Playback language: English
Introduction
Process optimization is crucial for maximizing the performance of novel materials and devices, particularly in photovoltaics where numerous process variables influence device efficiency. Traditional black-box optimization methods (e.g., Design of Experiments, Grid Search, Bayesian Optimization, Particle Swarm Optimization) systematically modify selected variables within a defined range to map the system's response surface and find an optimum. While cost-effective and potentially ideal for self-driving laboratories, these methods have limitations. The achievable performance improvement is restricted by the pre-selected variables and their ranges, artificially constraining the parameter space. Moreover, understanding the root causes of underperformance is limited, often requiring secondary characterization or numerous combinatorial variations of base samples. In contrast, Bayesian inference coupled with a physics-based forward model and rapid current-voltage measurements provides a statistically rigorous approach to identify performance bottlenecks in early-stage photovoltaic devices. Recent work also highlights the promise of combining physical insights with machine-learning models for energy materials development.
This study focuses on optimizing the synthesis temperature profile of a gallium arsenide (GaAs) solar cell using metal organic chemical vapor deposition (MOCVD). Growth temperature is a critical and challenging parameter in III-V film deposition, impacting growth rate, surface morphology, dopant incorporation, and defect formation. Other parameters like precursor flow rate and growth pressure are closely related (approximated by the Ideal Gas Law), but the relationships between other process variables (precursor type, carrier gas flow rate) and material properties are less clear and potentially tool-specific. Thus, growth temperature is used as the primary optimization variable, while machine learning models handle other variables.

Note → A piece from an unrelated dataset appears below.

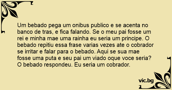 Um bebado pega um onibus publico e se acenta no banco de tras, e fiса falando. Se o meu pai fosse um rei e minha mae uma rainha eu seria um principe. O bebado repitiu essa frase varias vezes ate o cobrador se irritar e falar para o bebado. Aqui se sua mae fosse uma рuта e seu pai um viаdо oque voce seria? O bebado respondeu. Eu seria um cobrador.

GaAs solar cells consist of several layers (back surface field (BSF), bulk absorber, window layer). Optimizing material properties for each layer and interface is essential for maximum performance. An experienced researcher might individually optimize each layer (emitter, base, window, BSF) by mapping process variables to material properties, requiring the fabrication of many auxiliary samples under various conditions and employing secondary characterization techniques (secondary ion mass spectroscopy (SIMS), time-resolved photoluminescence (TR-PL)). These techniques are significantly more costly than current-voltage (JV) measurements, the primary indicator of solar cell performance. This problem is mirrored in optimizing other multi-layer energy systems and semiconductors.
To address this challenge, the researchers combine machine-learning techniques to infer the effects of process variables on different device layers, avoiding expensive characterization by using automated JV measurements at multiple illumination intensities (JVi). A physics-based "surrogate" model mimics the complex physical model of solar cell growth, significantly accelerating calculations. This surrogate model employs a two-step Bayesian inference method (Bayesian network or hierarchical Bayes) with physically constrained relations between layers, operating >100x faster than a numerical device-physics solver.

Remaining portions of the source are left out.